Don't take his silence as acceptance it may mean he just gave up.
Write out a detailed timeline and offer to get a polygraph.
hurtandhurting (original poster new member #79036) posted at 5:19 AM on Monday, July 5th, 2021
Oops, not sure how to reply to individual posts here, but to Thumos- I disclosed. It was all online and not physical at all.
I'm looking into some books now. I was just reading some of The Body Keeps the Score about trauma to understand some of what he's going through. I'm hoping if he allows me, we can spend time together where I read to him from a book he connects with re: affairs or betrayal, and talk about it together.
We don't live together so we can re-integrate (should he allow that) slowly and on his own terms.
hurtandhurting (original poster new member #79036) posted at 5:23 AM on Monday, July 5th, 2021
Hey survrus- timeline has been noted by many and is something I'm working on now.
He's actually the opposite of silent, which I worry about. I almost want to (once an appropriate amount of time has passed and I'm considered somewhat trustworthy again) contact his siblings and close friends to ask honestly what they think I should do.
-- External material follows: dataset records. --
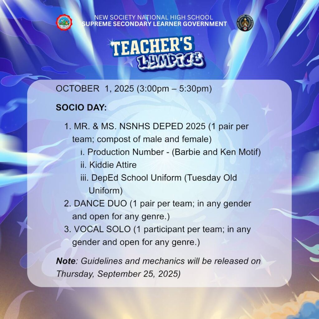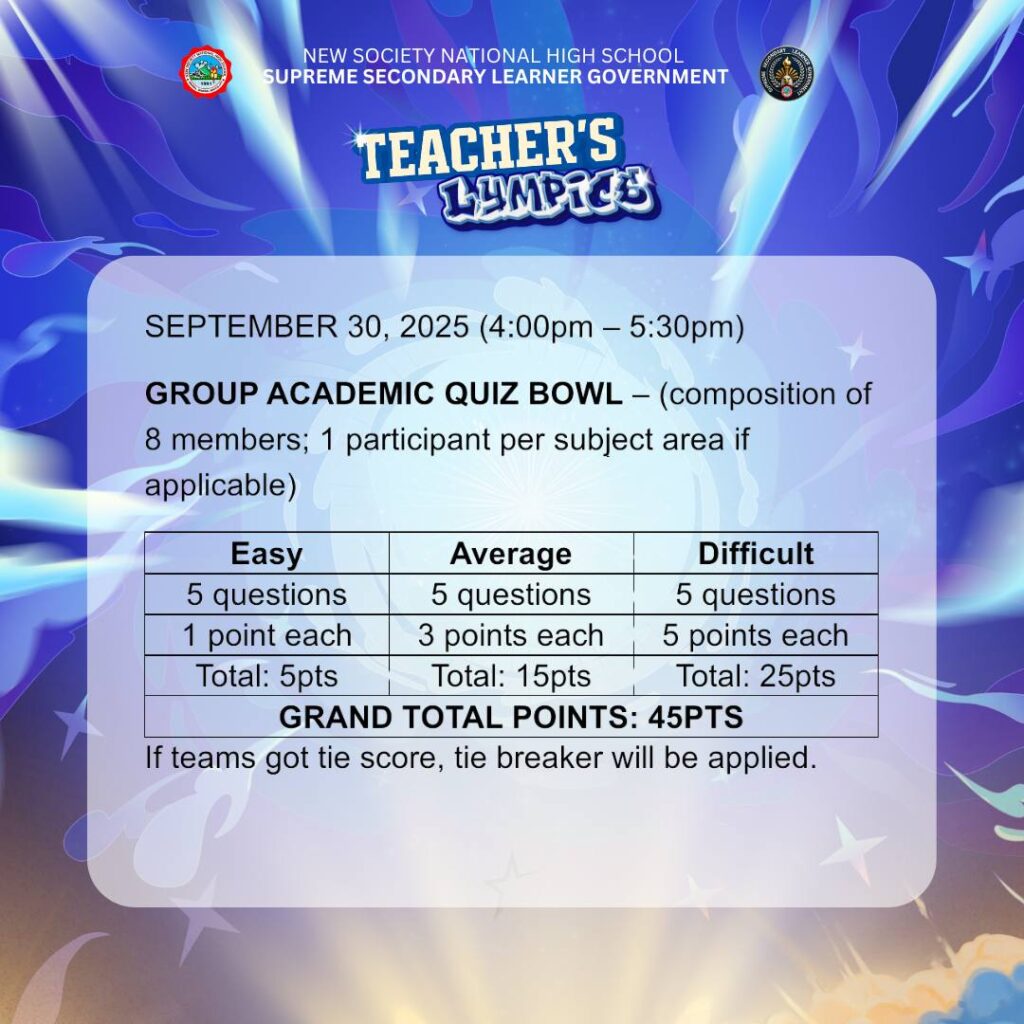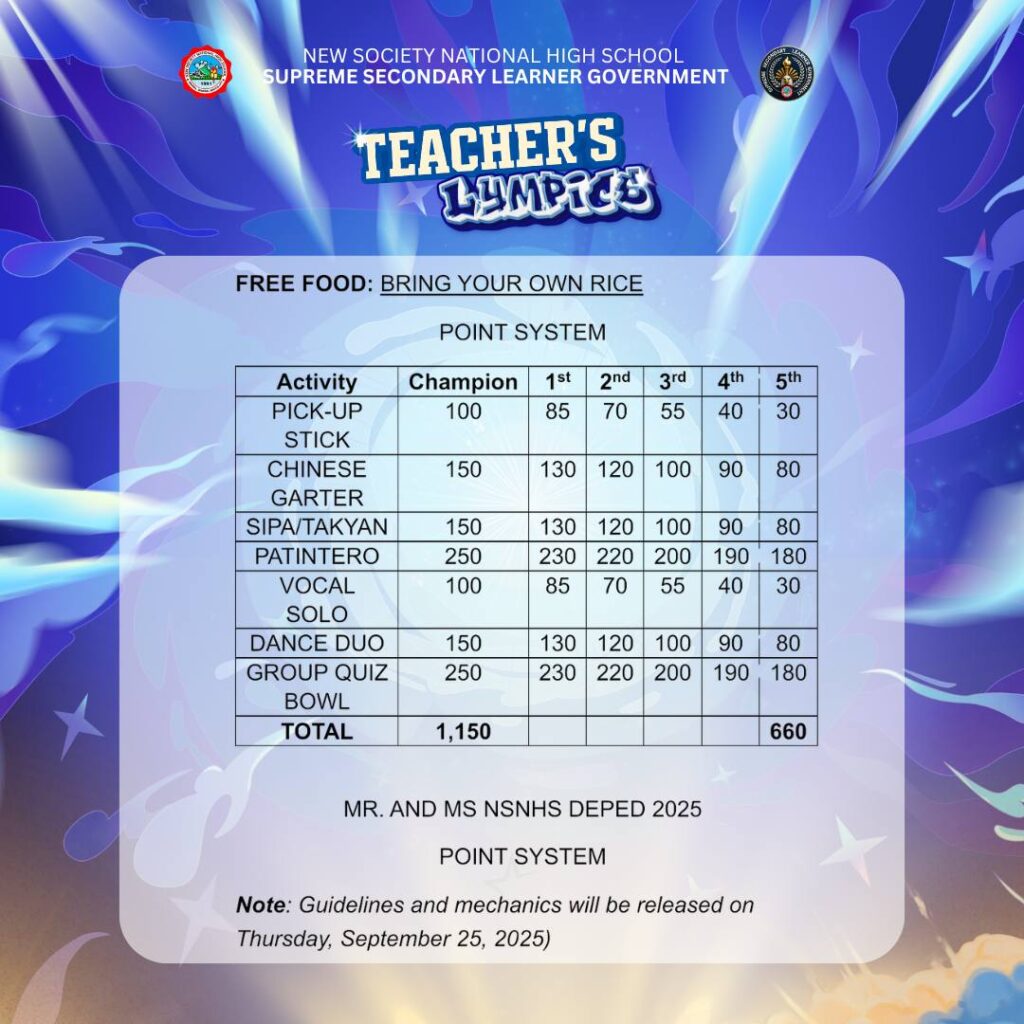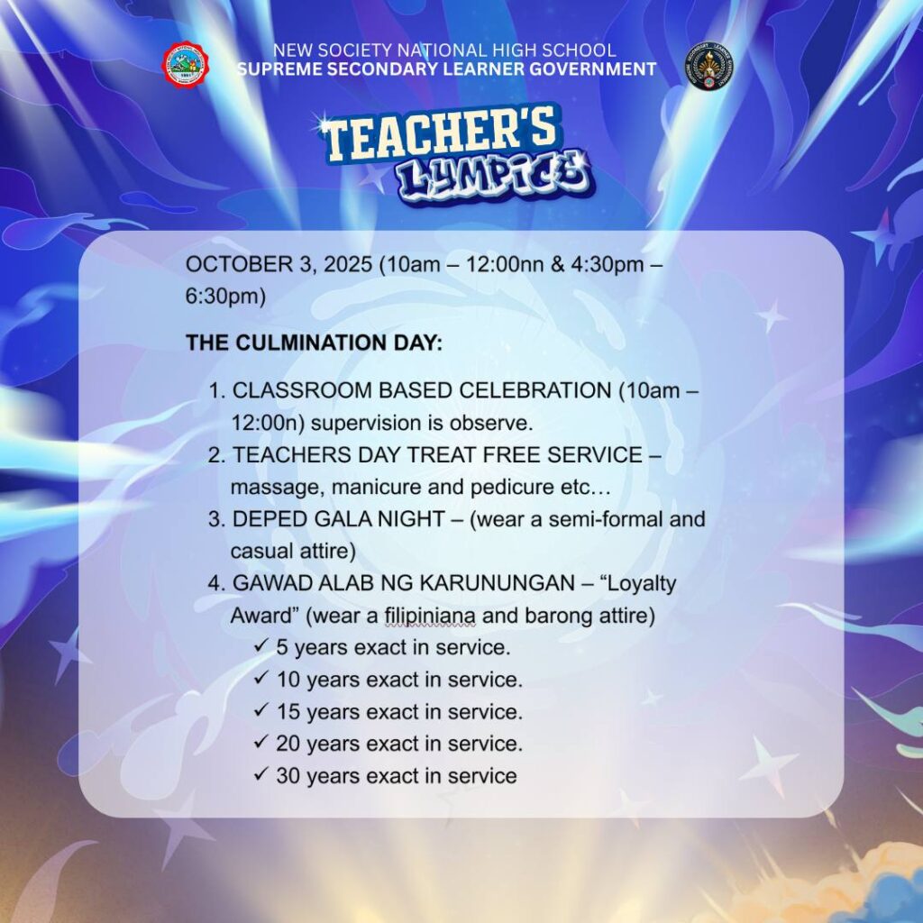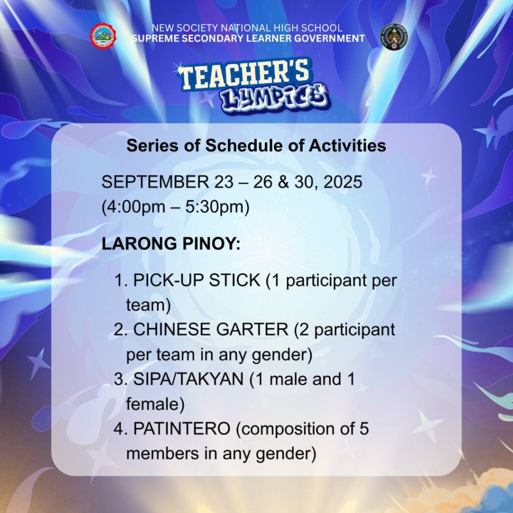 BannerTrending NewsSERIES OF SCHEDULE OF ACTIVITIES AND MECHANICS – TEACHER LYMPICS 2 – 2025 nsnhs3 weeks ago01 mins Post navigation Previous: TEACHER’S LYMPICS – YEAR 2Next: 𝗗𝗮𝘆 2 𝗛𝗶𝗴𝗵𝗹𝗶𝗴𝗵𝘁𝘀 – 𝗟𝗮𝗿𝗼𝗻𝗴 𝗟𝗮𝗵𝗶
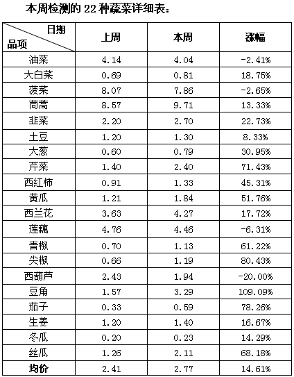 山東金鄉縣凱盛國際農產品物流園信息統計服務中心(8月8日—8月14日)對22種蔬菜進行監測顯示,上周蔬菜平均價格為2.77元/公斤,與上上周蔬菜平均價格2.41元/公斤相比,環比上漲14.61%,平均價上漲。上周蔬菜成交量為305.32萬公斤,與上上周相比,環比下降5.39%,成交量下降;交易額為845.74萬元,與上上周相比,環比上漲8.74%,總成交額上漲。
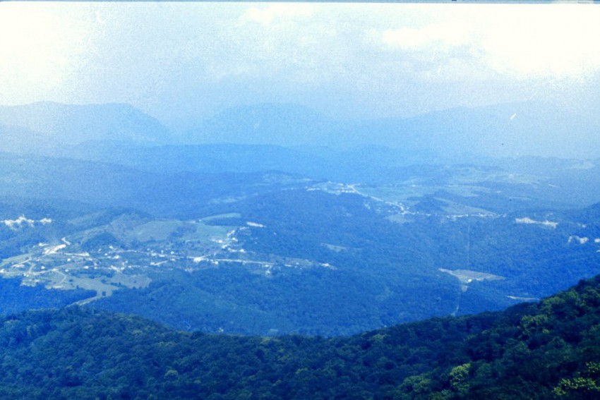 Лысая гора ещё не застроена, отчётливо видна пятиэтажка на самом верху.
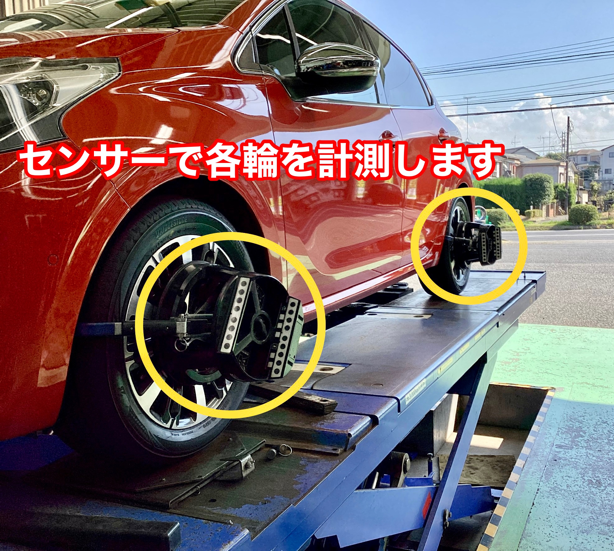 こちらの車両はハンドルを真ん中にした際に車が左に向かうようなアライメントでした。
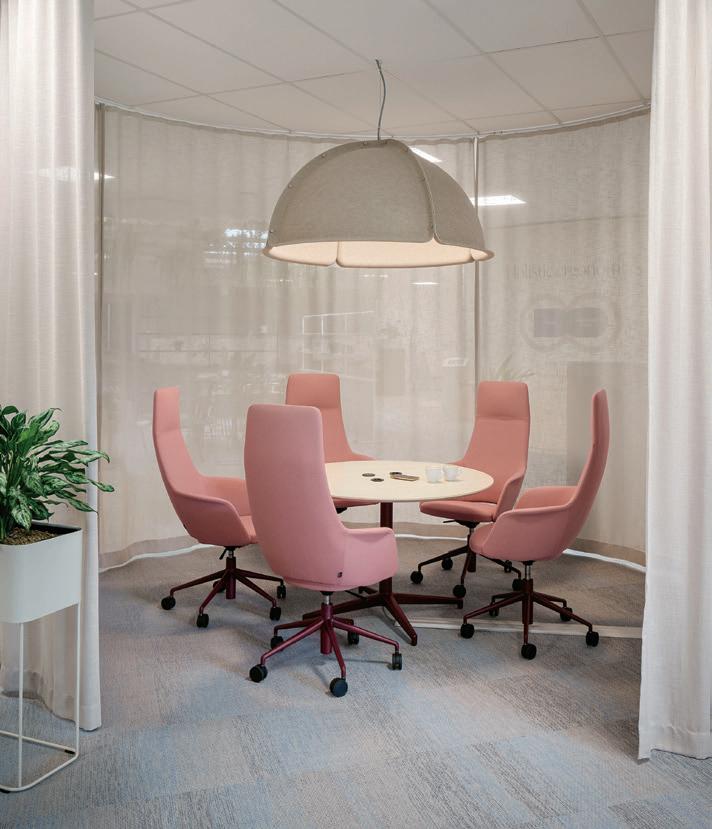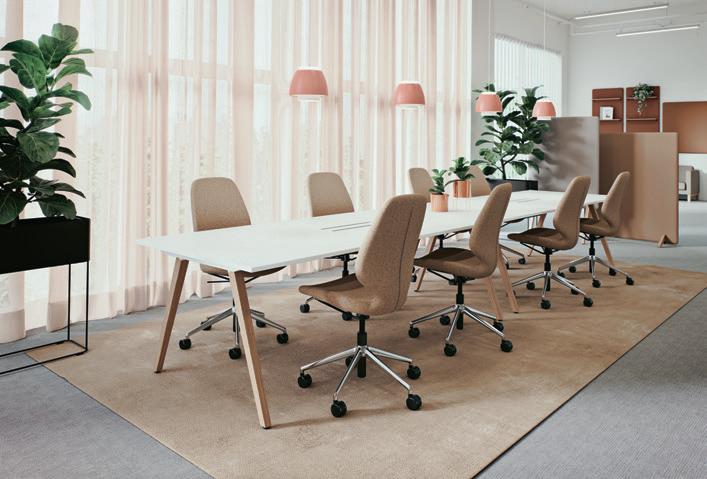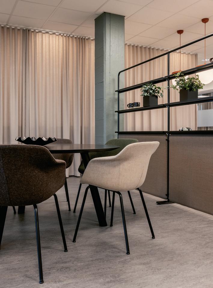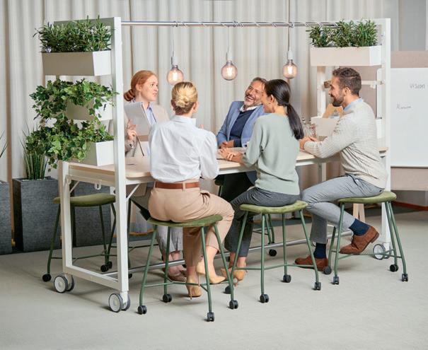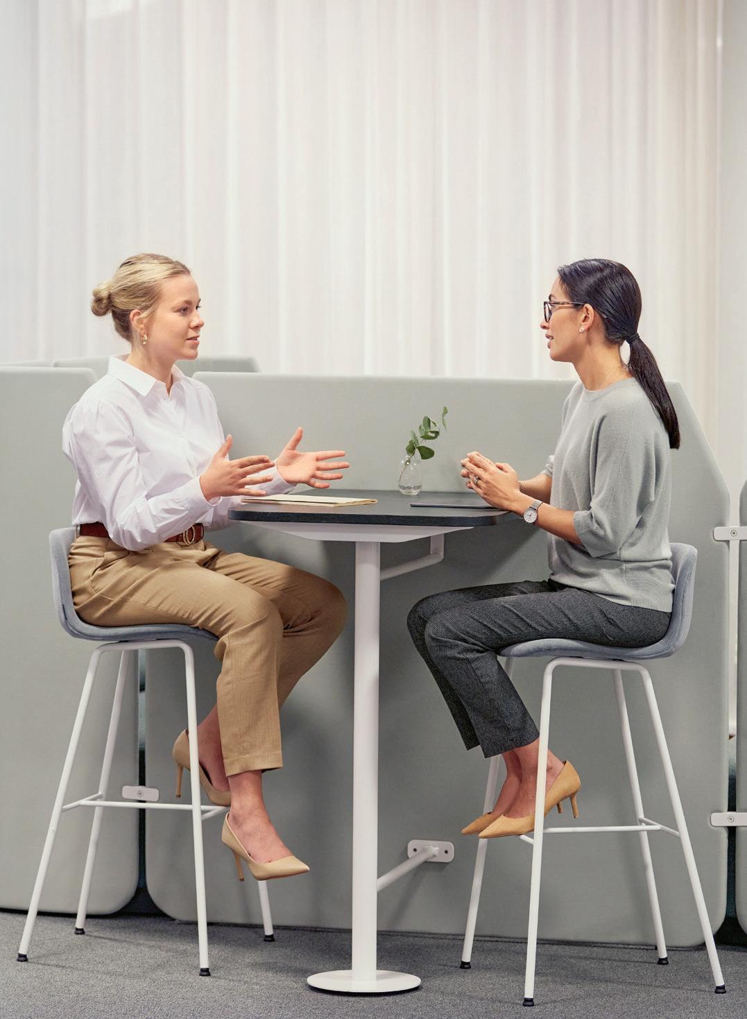 Az állítható magasságú Hal tárgyalósztal és a Plint szék megkönnyíti az ülő és álló munkahelyzetek váltakoztatását, ami különösen előnyös az aktív részvételre ösztönző megbeszéléseken.
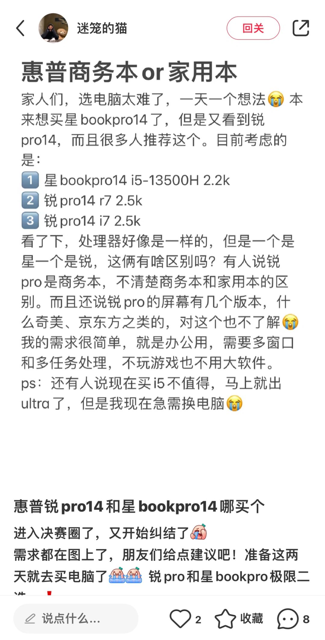 总结:动手能力差,平时大大咧咧的,买惠普锐 Pro,平时细节控,追求颜值,可以选星

I don't want to cause him further pain. Love isn't rational- I'm afraid he's choosing to overlook all of this to be with the person he loves, instead of moving on to live a happy life with a new person he can trust. We're young and unmarried with no commitments so I want what's best for him.
To be clear, I'm committed to whatever he wants and needs of me to heal- with no expectations of re-entering into a relationship- but at the same time, I feel like I need to protect him from hurt in the future, even if it means ending things so he can eventually love and trust again with someone new.
Does this make sense? I'm not trying to deny him agency or say that I don't trust myself to make things right- just that I know what he deserves and I don't want to be a barrier to that.
RocketRaccoon ( member #54620) posted at 6:11 AM on Tuesday, July 6th, 2021
Out of curiosity, what compelled you to seek out 'online sex work'?
This could be a sticking point for your BBF, as I am sure there are other ways to make money.
Did any friends/acquaintences cajole you into this line of work? If so, they should be cut out of your life for good, whether you split or (especially) stay together.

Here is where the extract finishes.